# Transitioning to a BARF diet



## wyoung2153 (Feb 28, 2010)

I have a 2 Year Old GSD, Titan. He is the PICKIEST eater known to man. Lol. But currently is doing his best on Blue Buffalo Wilderness: Duck. I was doing research and actually spoke to my new puppy's breeder about starting him on a raw food diet. I think it would be a great transition for him. I am also getting a puppy in about 6 weeks and would like to keep her on a raw diet as well. I have tried researching things and have found A LOT of information and I have no idea how or where to start. Can any one tell me or direct me to good information? How should I start with transitioning him to this diet? I'm also concerned with how pricey this could be. Any advice would be awesome!! Thanks guys!!


----------



## onyx'girl (May 18, 2007)

The raw/barf forums have lots n lots of info....
Welcome to the Raw Dog Ranch is a good site for learning.
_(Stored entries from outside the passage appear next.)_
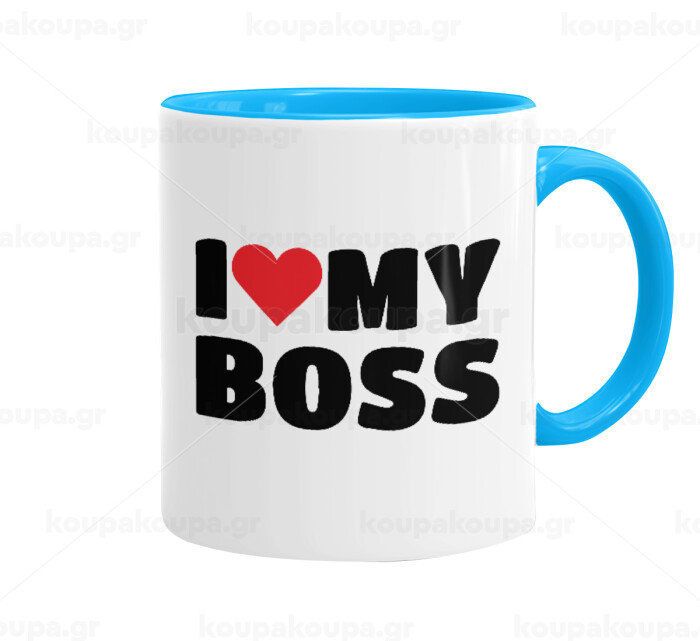 I LOVE MY BOSS, Mug colored light blue, ceramic, 330ml
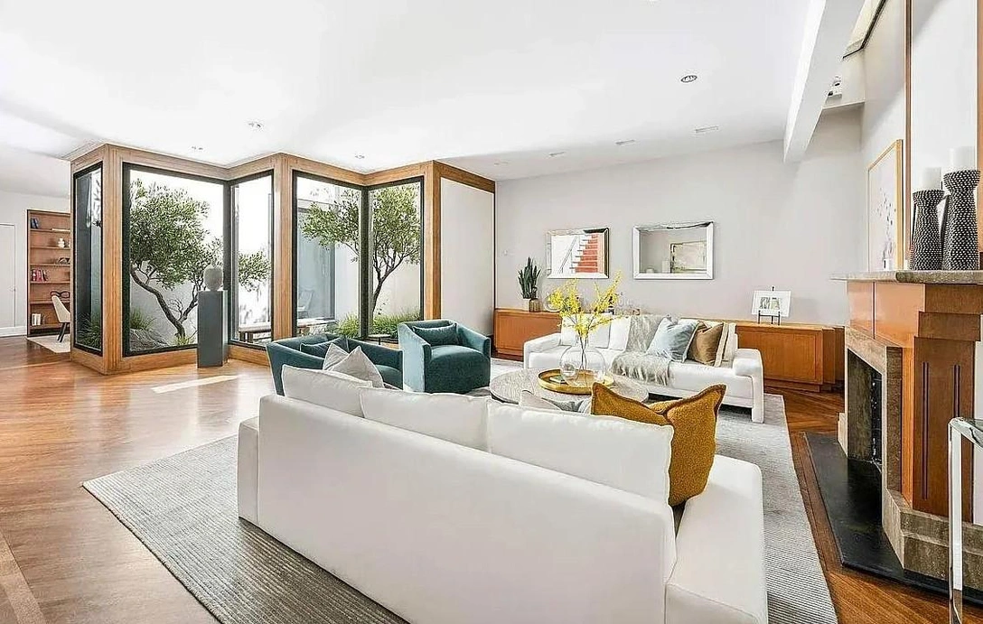 Среди особенностей дома — оригинальные арочные окна, дровяной камин в гостиной, собственный лифт, застекленная терраса, винный погреб и даже традиционная японская чайная комната с ширмами седзи. Наверху, в главной спальне есть мансардные окна, из которых можно выйти на крышу с небольшим садом.
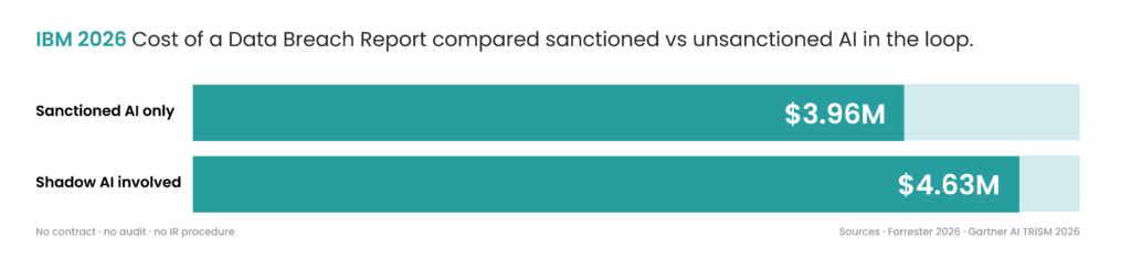Unsanctioned AI adds about $670K to the average breach cost, per IBM’s 2026 Cost of a Data Breach Report. These tools have no contract in place, no audit trail, and no incident response procedure, so recovery and disclosure costs balloon.
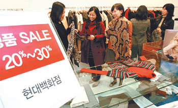 25日,光顾首尔江南区狎鸥亭洞现代商场总店的顾客们,在甩卖名牌商标售货处选购着多种多样的冬装。从下个月的5日起,首尔市内的主要商场全部开展持续5天的冬季大甩卖活动。
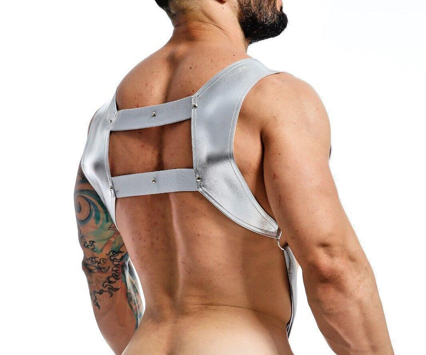 MOB DNGEON Crop Top Harnais avec C-Ring Cuir Synthétique Miroir Argent DMBL08
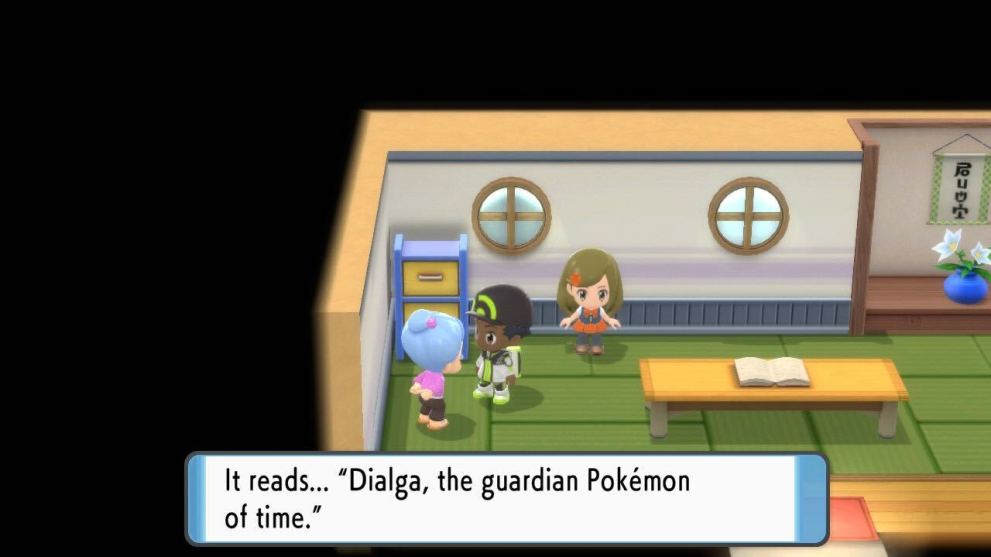 Speak to the elderly woman on the left and he’ll show you an image of the legendary that isn’t available in your game, which counts for the Pokedex entry.
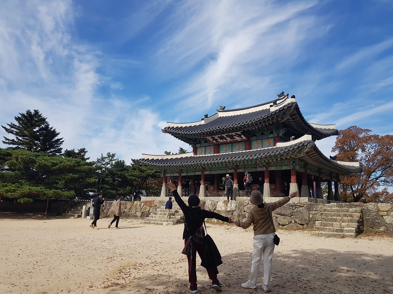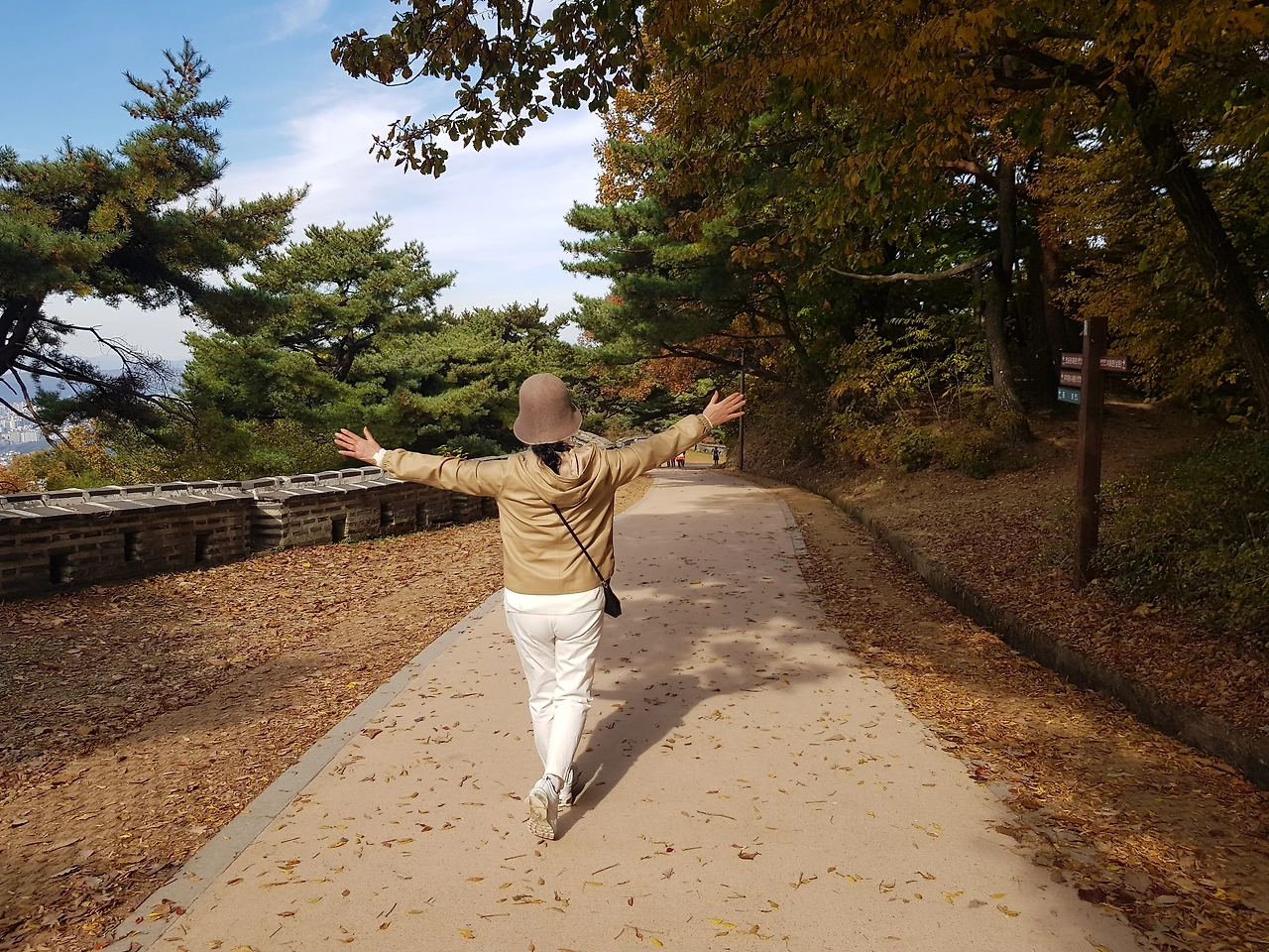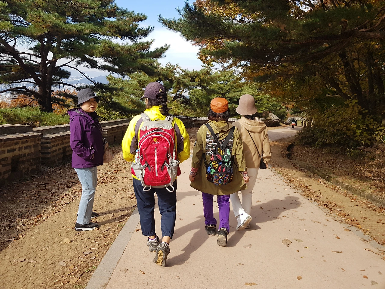 예전에 없던 용기가 어디서 나오는지 여행객들이 박수를 치며 지나가도 몇 곡을 모두같이 신나게 부르고는 다시 길을 따라 수어장대로 향했다
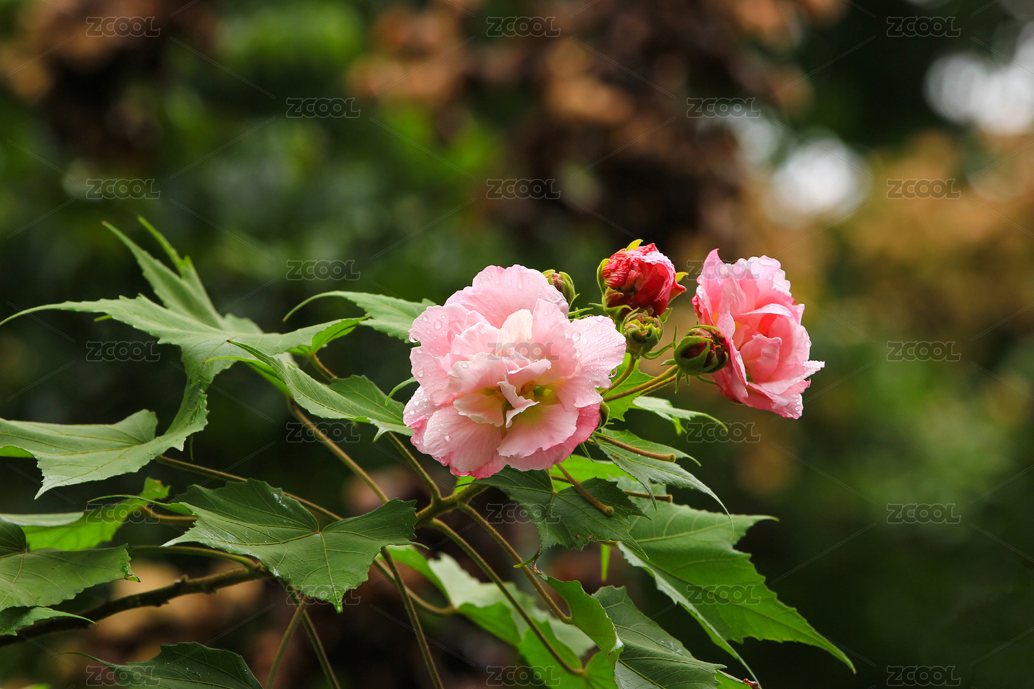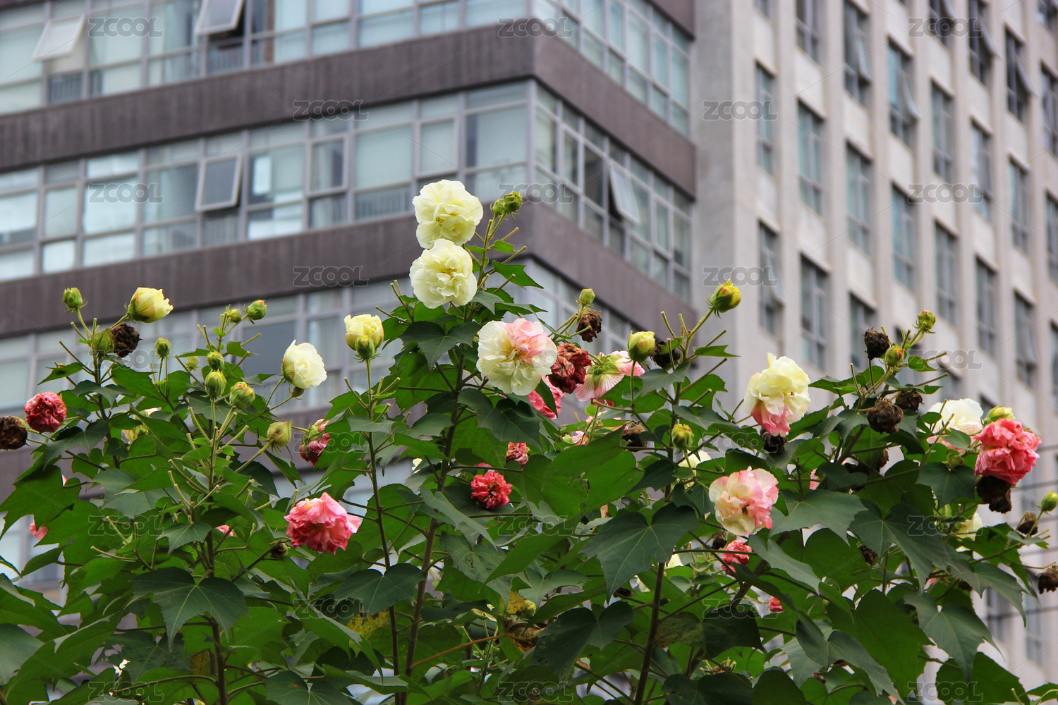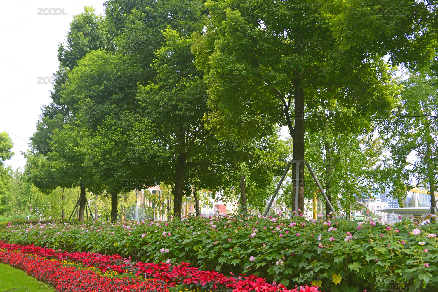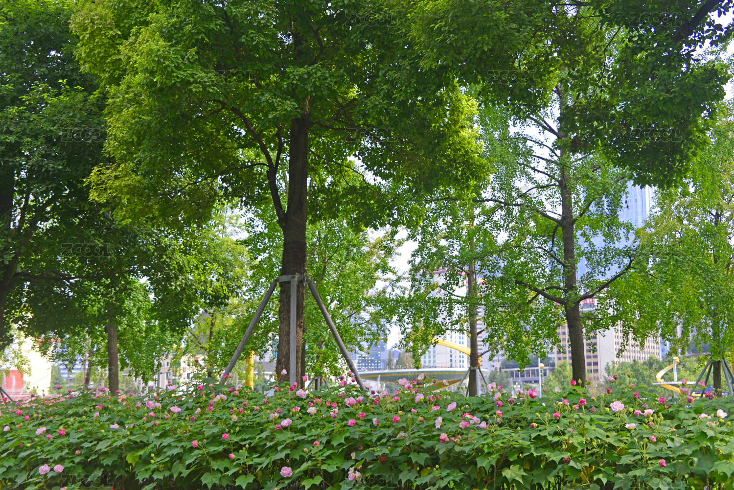 天府廣場園林盛開的成都市花芙蓉和行道樹

Two dogs will tend to compete for food so picky eating may not be a big deal when the pup comes home.
When I transferred my 12 yr old and a two yr old rescue to raw, I went "cold turkey" to chicken leg 1/4s, a few days of runny stool(not diarrhea) is usually a given and you may see some detoxification(coat blow) after the transition. But you are feeding a good kibble, so may not see much in the way of diet change. When I transistioned my dogs, they were on grain free TOTW so it was easier on their systems, IMO.
For a young pup, I went with ground meats, chicken necks, turkey neck chunks and the wing sections for RMB's...went to the larger chix bones after a month or so. Green tripe is very important as far as I'm concerned and worth spending a bit more pound-wise due to the great balance of calcium: phosphorus for growing pups.


----------